-- Data to process follows --

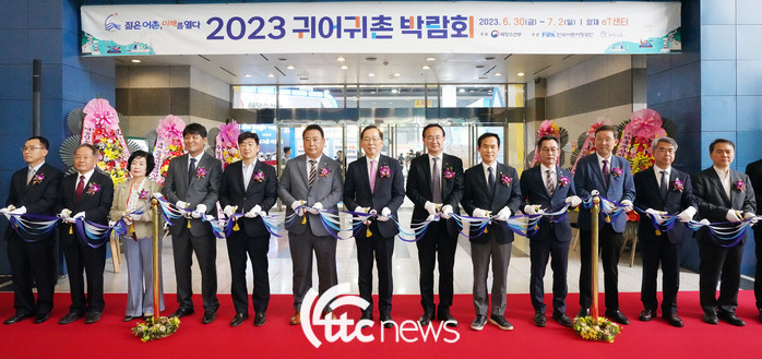 | ▲ 30일 오전 서울 서초구 aT센터에서 열린 2023 귀어귀촌 박람회에서 조승환 해양수산부 장관(왼쪽에서 일곱 번째)이 관계자들이 개막식 테이프를 절단하고 있다(사진=해양수산부 제공) |
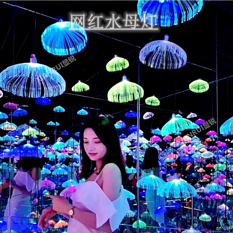 网红七彩渐变水母灯 失恋博物馆海洋馆亮化LED光纤水母天花吊顶灯
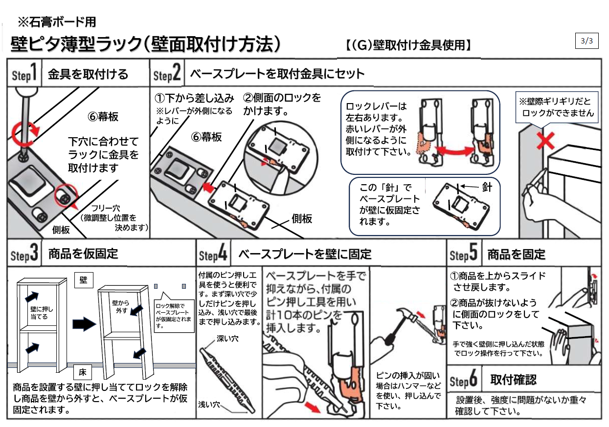 石膏ボードの壁に付属の壁面固定具で誰でも簡単に設置でき、取り外し後は壁の針跡も目立ちません。
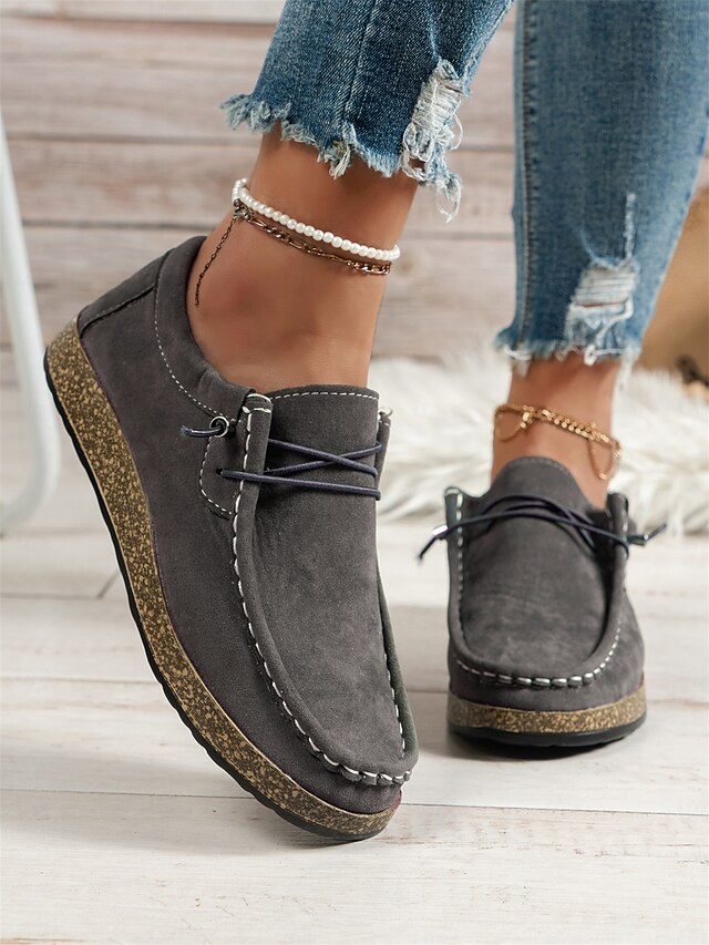 Women's Casual Grey Faux Suede Moccasins with Lace-Up Design and Cushioned Sole – pleasant Loafers for Everyday Wear
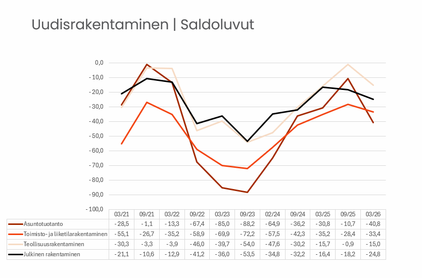 Uudisrakentamisen näkymät ovat heikentyneet selvästi syksystä kaikilla uudistuotannon osa-alueilla. Erityisesti asuntorakentamisessa muutos on ollut voimakas, ja keväällä alkanut varovainen positiivinen kehitys on kääntynyt uudelleen laskuun (saldoluku syksyllä -10,7 ja keväällä -40,8). Teollisuusrakentamisen saldoluku on muita osa-alueita parempi, mutta sekin on edelleen selvästi negatiivinen (-15).
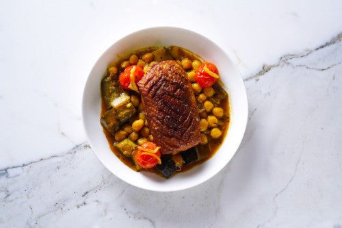メインコースの一例として、ローストダックに蒸したナス、ラズ・エル・ハヌートでスパイスを効かせたクスクスジュとヒヨコマメの煮込み、チェリートマトが添えられ、この一品にモエ・エ・シャンドン ロゼ・アンペリアルがペアリングされます。クスクスの風味の交響曲が赤ワインのストラクチャーとダンスし、そのスパイシーなノートに惹きつけられるでしょう。チェリートマトの繊細な酸味が料理とロゼ・アンペリアルをシームレスに結びつけます。メインコースのもう一例に、セージチキンジュ、マッシュポテト、フェンネルの煮込み、アーモンドを添えたジューシーなローストターキーがあります。この一品はモエ・エ・シャンドン グランヴィンテージ2016とペアリングされ、フェンネルの繊細な植物的なノートが華やかな香りを引き立て、セージチキンジュの旨味により、調和のとれたペアリングが実現しました。シーフードをお好みのお客様には、モエ・エ・シャンドン ブリュット・アンペリアルとペアリングする、シアードチリ産シーバスのアーティチョークピューレ、レモングラスソース、バターシュガースナップエンドウ添えはいかがでしょうか。アーティチョークピューレが滑らかな食感と微妙な味わいをもたらし、エレガントなモエ・エ・シャンドン ブリュット・アンペリアルと調和します。シュガースナップエンドウがパリッとした要素を加え、シャンパンの発砲の感触を引き立てます。最後に、レモングラスソースが爽やかさを提供し、シャンパンの明るさを増幅させます。ヴィーガンオプションでは、ココナッツで煮込んだレンズ豆に、バスマティライス、スパイスを効かせたカリフラワーとグリーンピース、ナンが添えられ、モエ・エ・シャンドン ロゼ・アンペリアルとペアリングされます。コーラルレンズ豆の素晴らしい食感が、ロゼ・アンペリアルのエレガントな泡立ちと調和し、カレーの風味がフルーティーな香りを柔らかいスパイシーさで引き立て、コリアンダーが繊細な対比を生み出します。
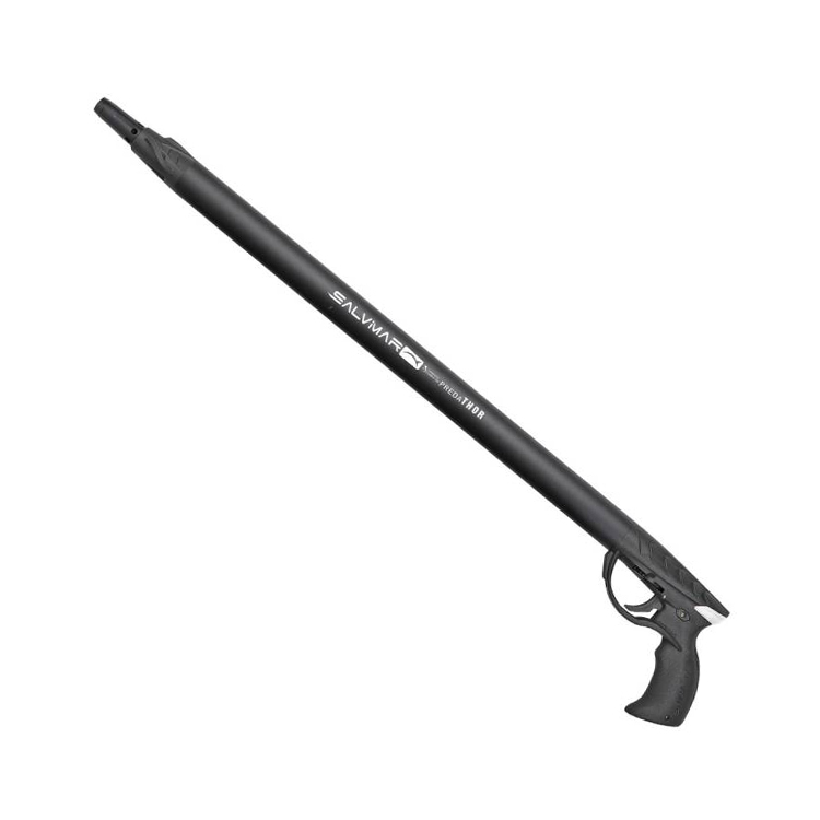 | Pneumatic Power: High-pressure internal air system provides immense striking force and velocity. Power Regulator: Allows for precise adjustment of air pressure to suit specific hunting conditions. Precision Barrel: 13mm internal diameter aluminum barrel designed for high-accuracy performance. Enhanced Acceleration: Muzzle head features oversized holes for rapid piston exit and shaft speed. Ergonomic Grip: 30% fiberglass-reinforced nylon handle angled for a sturdy, comfortable wrist position. | Compact Maneuverability: 40cm (15.74") total length is ideal for tight spaces and close-range hunting. Durable Shaft: Includes a 35cm (13.77") stainless 8mm shaft with a single floppy barb pointed tip. Automatic Line Release: Features a dynamic four-side mechanism that functions seamlessly upon firing. Reel Ready: Fully compatible with Salvimar side friction reels for managing larger prey. Italian Quality: Expertly manufactured in Italy, ensuring premium build standards and reliability. |
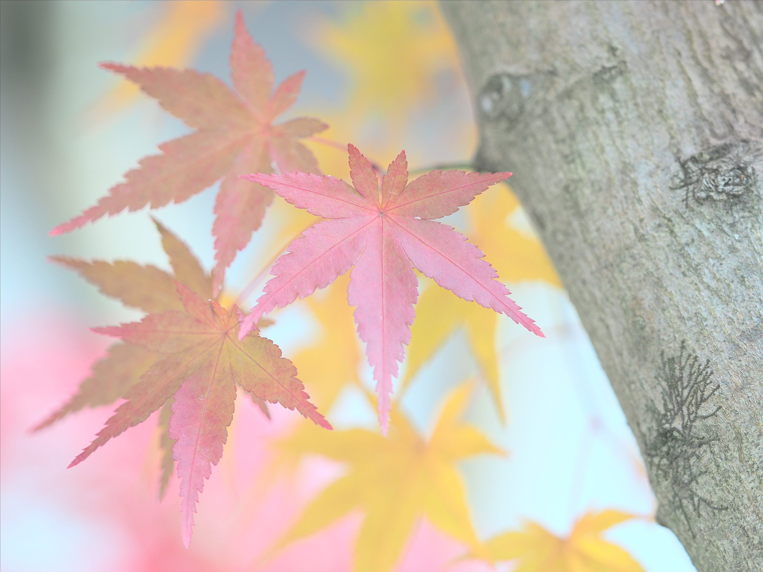 天候や時間帯にもよりますが、逆光で露出を上げたこと、またホワイトバランス(色温度)を下げたことでふんわりしつつ爽やかな「朝の紅葉」といった印象の1枚となりました。
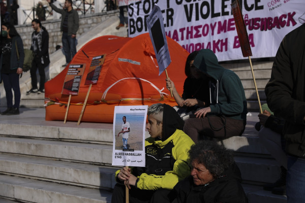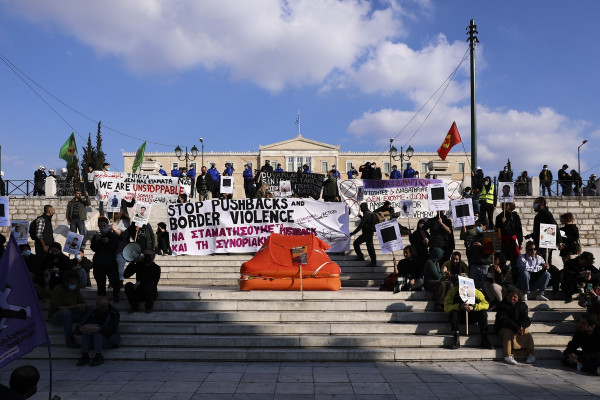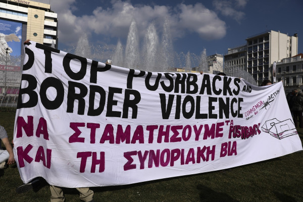 «Stop στις επαναπροωθήσεις. Stop στις δολοφονίες προσφύγων και μεταναστών» έγραφε το πανό που κρατούσαν οι διαδηλωτές.
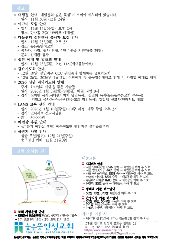 2025년 12월 14일 주보 2025.12.12 18:43 소식/교회주보 2025.12.14 주보.pdf 0.24MB 공유하기 게시글 관리 높은뜻 안성교회 '소식 > 교회주보' 카테고리의 다른 글 2025년 12월 28일 주보 (0) 2025.12.27 2025년 12월 21일 주보 (0) 2025.12.20 2025년 12월 7일 주보 (0) 2025.12.06 2025년 11월 30일 주보 (0) 2025.11.28 2025년 11월 23일 주보 (0) 2025.11.21 댓글 공유하기 다른 글 댓글 이 글 공유하기 구독하기 구독하기 카카오톡 카카오톡 라인 라인 트위터 트위터 Facebook Facebook 카카오스토리 카카오스토리 밴드 밴드 네이버 블로그 네이버 블로그 Pocket Pocket Evernote Evernote 다른 글 2025년 12월 28일 주보 2025년 12월 28일 주보 2025.12.27 2025년 12월 21일 주보 2025년 12월 21일 주보 2025.12.20 2025년 12월 7일 주보 2025년 12월 7일 주보 2025.12.06 2025년 11월 30일 주보 2025년 11월 30일 주보 2025.11.28 다른 글 더 둘러보기
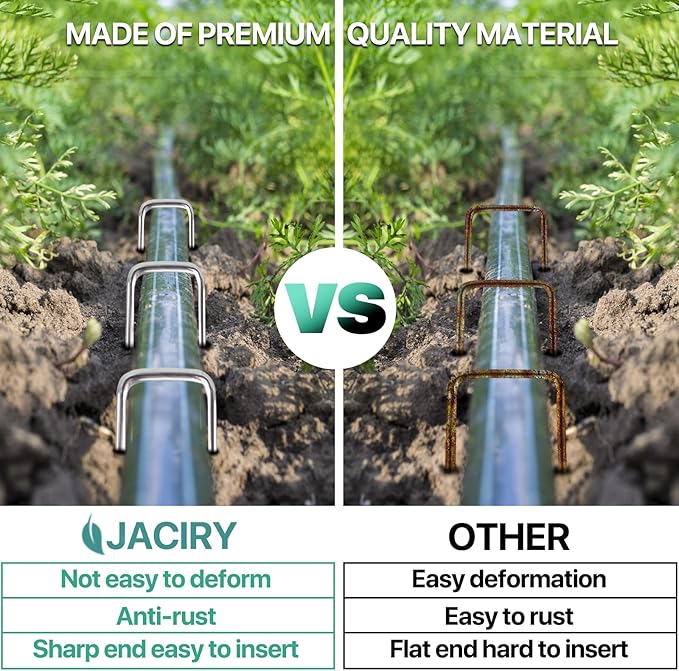 - 【Easy To Use】Yard staples or Lawn Stakes are essential tools for securing landscaping fabrics, drip irrigation lines, and netting in place. Their sharp ends make them easy to insert into sod or soil. Their ease of use simplifies the task of securing various items in the garden or yard, saving time and energy for more important gardening tasks.
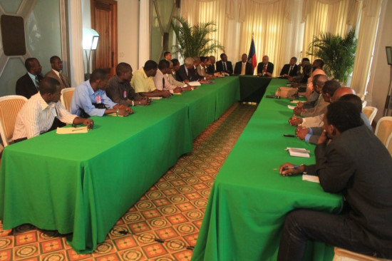 Michel Martelly, the President of the Republic, accompanied by Prime Minister Garry Conille, some members of the Haitian government and parliament, met yesterday Thursday at the National Palace, the highest authority of the State University of Haiti (UEH) and a group of students representing the various entities of the UEH. The Head of State, by this meeting, begins the process of supervision and of strengthening of the State University of Haiti, one of its promises electoral campaign promises. During this long discussion with the authorities of the UEH, various points were discussed, such as the inventory of the training at the level of the UEH, its importance in the development of the country, the integration of young graduates in public administration, the direct involvement of the university in the major decisions in favor of change, the capacity of the institution, etc... "The University is of less in less able to play its role" said Jean Henry Vernet, Rector of the UEH who, while congratulating the President Martelly for this noble initiative, believes necessary to establish a formal framework for cooperation with state institutions and to establish a tripartite working group Government/Parliament/UEH. The President of the Republic, while promising them his support, invite those responsible of the institution to go to work to establish the new foundations of a state university, with its own campus, a modern curriculum which satisfies to the requirements of development, and a qualified teaching staff.
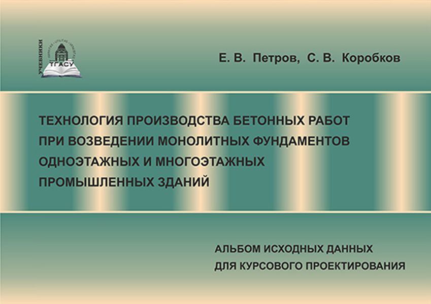 Петров, Е. В. Технология производства бетонных работ при возведении монолитных фундаментов одноэтажных и многоэтажных промышленных зданий. Альбом исходных данных для курсового проектирования : учебное пособие / Е. В. Петров, С. В. Коробков. — Томск : Томский государственный архитектурно-строительный университет, ЭБС АСВ, 2023. — 164 c. — ISBN 978-5-6050245-8-3. — Текст : электронный // Цифровой образовательный ресурс IPR SMART : [сайт]. — URL: https://www.iprbookshop.ru/139146.html (дата обращения: 13.05.2024). — Режим доступа: для авторизир. пользователей
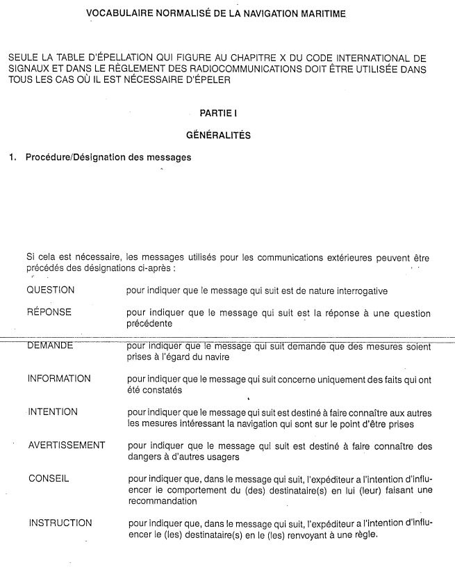 Le Vocabulaire normalisé de la navigation maritime publié par l'Organisation maritime internationale (OMI) s'inspire des principes fondamentaux essentiels à une communication efficace en vue de la sécurité. En l'utilisant pour les communications, on élimine tout risque de malentendu et d'ambiguïté susceptible de compromettre la sécurité des opérations. On y insiste sur la nécessité de répéter toute partie du message qui est considérée comme suffisamment importante pour justifier une précaution supplémentaire, par exemple «Ne pas, je répète, ne pas traverser». En outre, il répète que lorsqu'un message contient un conseil ou des directives, la station réceptrice qui accuse réception du message doit en répéter l'essentiel (voir l'annexe D).
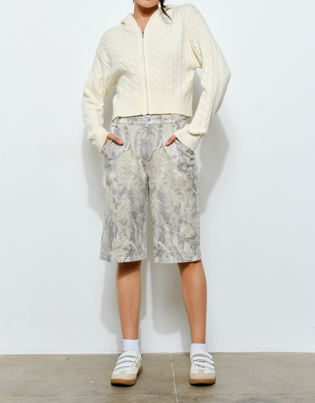 Suéter con capucha en tono crema, acabado con tejido tipo cable y cierre al frente. COMPOSICIÓN: 30% PBT, 18% ACRYLIC, 21% NYLON, 21% VISCOSA
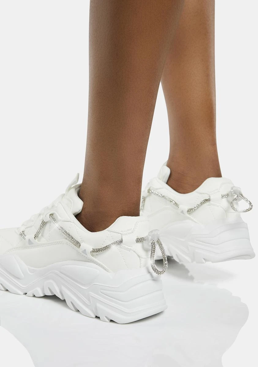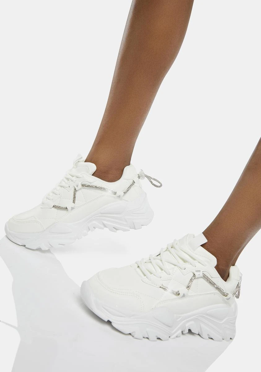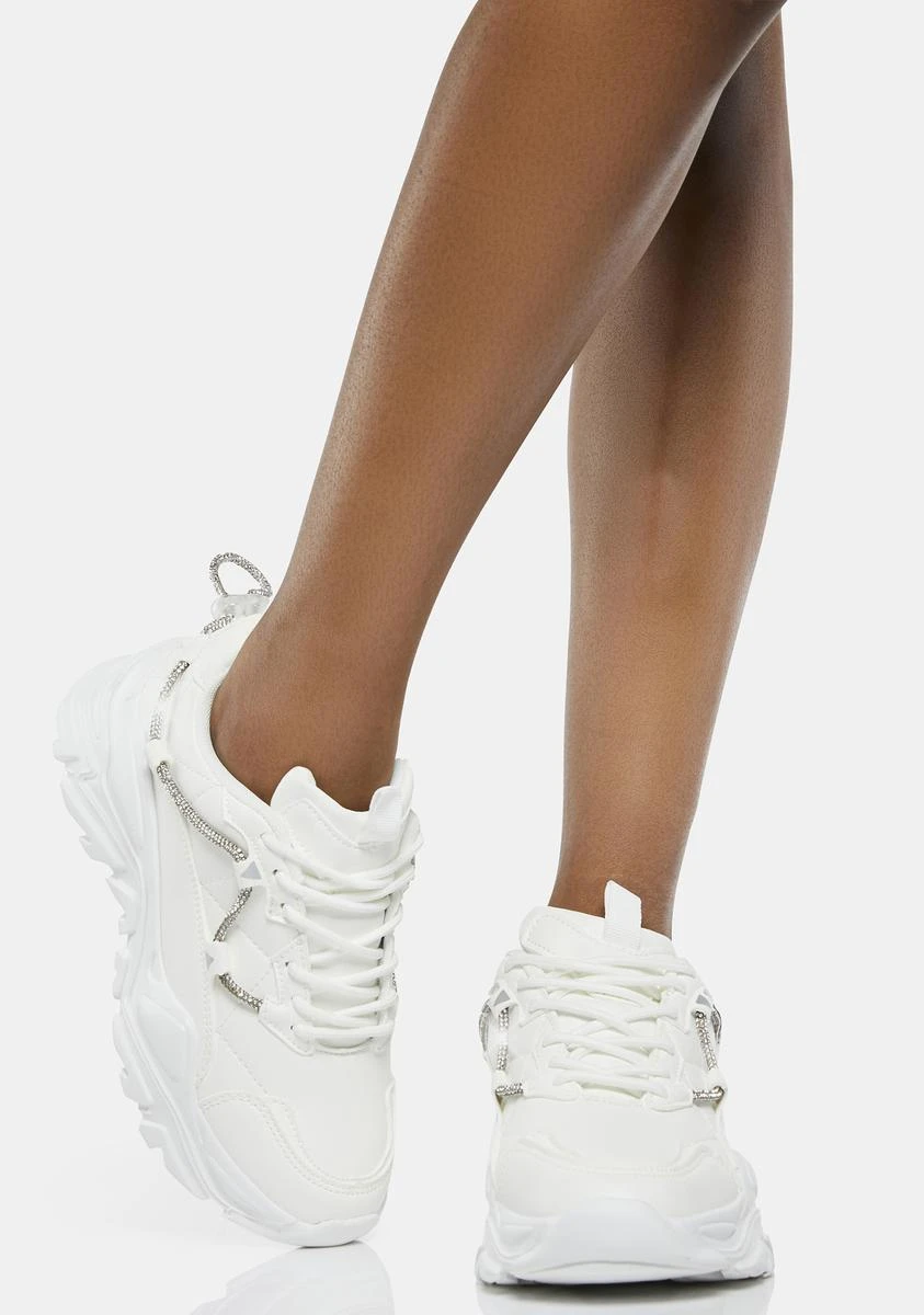 you’ll find me if I want you to. These sneakers come with textured platform soles, stitching details, lace up closures, and a rhinestone strap detail.

-- Data to process concluded --

### [Exercise]
Begin at the first line of the data above and repeat each line exactly, stopping after the line containing "Uudisrakentamisen näkymät ovat". Omit the pictures.

### [Reply to the exercise]
 | ▲ 30일 오전 서울 서초구 aT센터에서 열린 2023 귀어귀촌 박람회에서 조승환 해양수산부 장관(왼쪽에서 일곱 번째)이 관계자들이 개막식 테이프를 절단하고 있다(사진=해양수산부 제공) |
 网红七彩渐变水母灯 失恋博物馆海洋馆亮化LED光纤水母天花吊顶灯
 石膏ボードの壁に付属の壁面固定具で誰でも簡単に設置でき、取り外し後は壁の針跡も目立ちません。
 Women's Casual Grey Faux Suede Moccasins with Lace-Up Design and Cushioned Sole – pleasant Loafers for Everyday Wear
 Uudisrakentamisen näkymät ovat heikentyneet selvästi syksystä kaikilla uudistuotannon osa-alueilla. Erityisesti asuntorakentamisessa muutos on ollut voimakas, ja keväällä alkanut varovainen positiivinen kehitys on kääntynyt uudelleen laskuun (saldoluku syksyllä -10,7 ja keväällä -40,8). Teollisuusrakentamisen saldoluku on muita osa-alueita parempi, mutta sekin on edelleen selvästi negatiivinen (-15).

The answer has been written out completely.